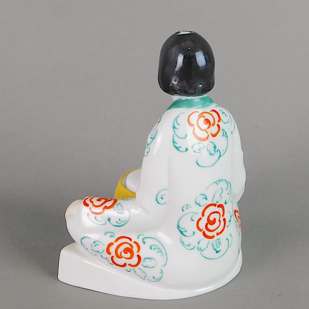 Small German hand painted Art Deco ceramic inkwell and pen holder.
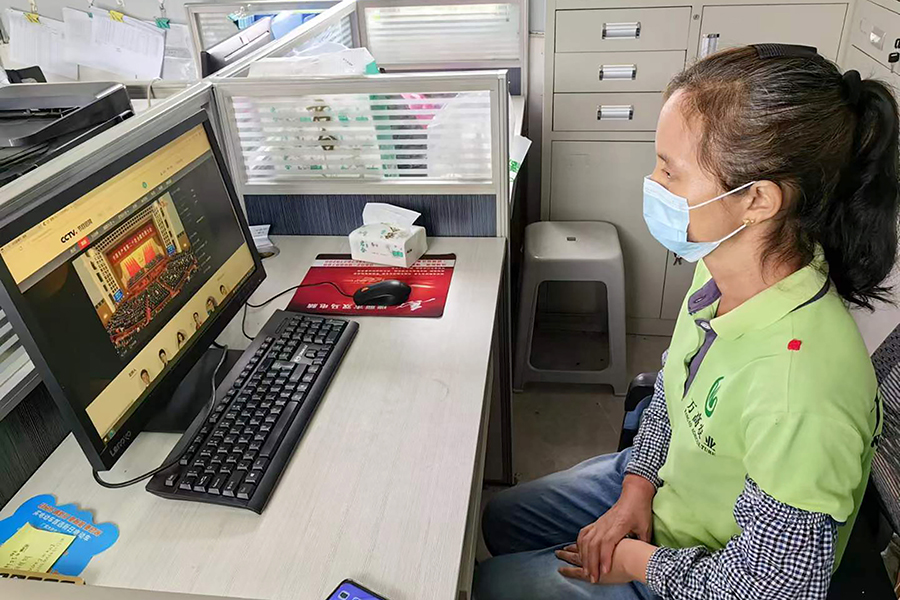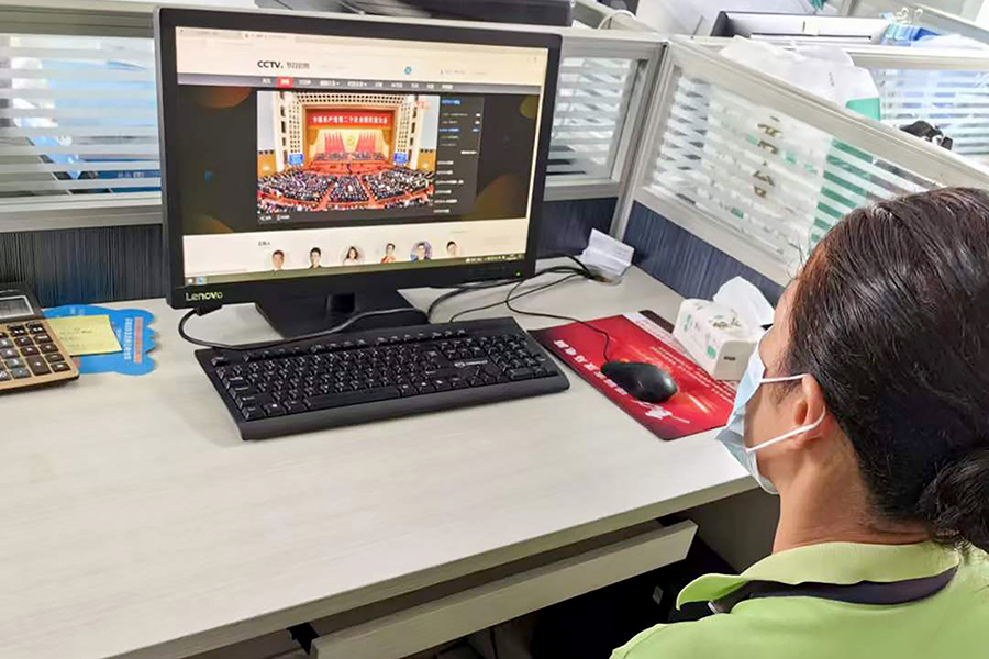 ▲萬禾集團(tuán)黨總支組織人員觀看二十大開幕會(huì)
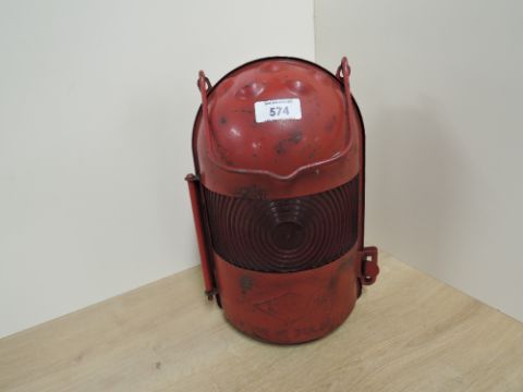 Nicoln Made in Belgium possible Railway Signal Lamp having red lenses, one restored, parafin lamp present inside, height including handle 37cm

EXERCISE OBJECTIVE >>
Leaving the pictures out, give back each line above exactly.

OUTPUT OF THE EXERCISE >>
 Small German hand painted Art Deco ceramic inkwell and pen holder.
 ▲萬禾集團(tuán)黨總支組織人員觀看二十大開幕會(huì)
 Nicoln Made in Belgium possible Railway Signal Lamp having red lenses, one restored, parafin lamp present inside, height including handle 37cm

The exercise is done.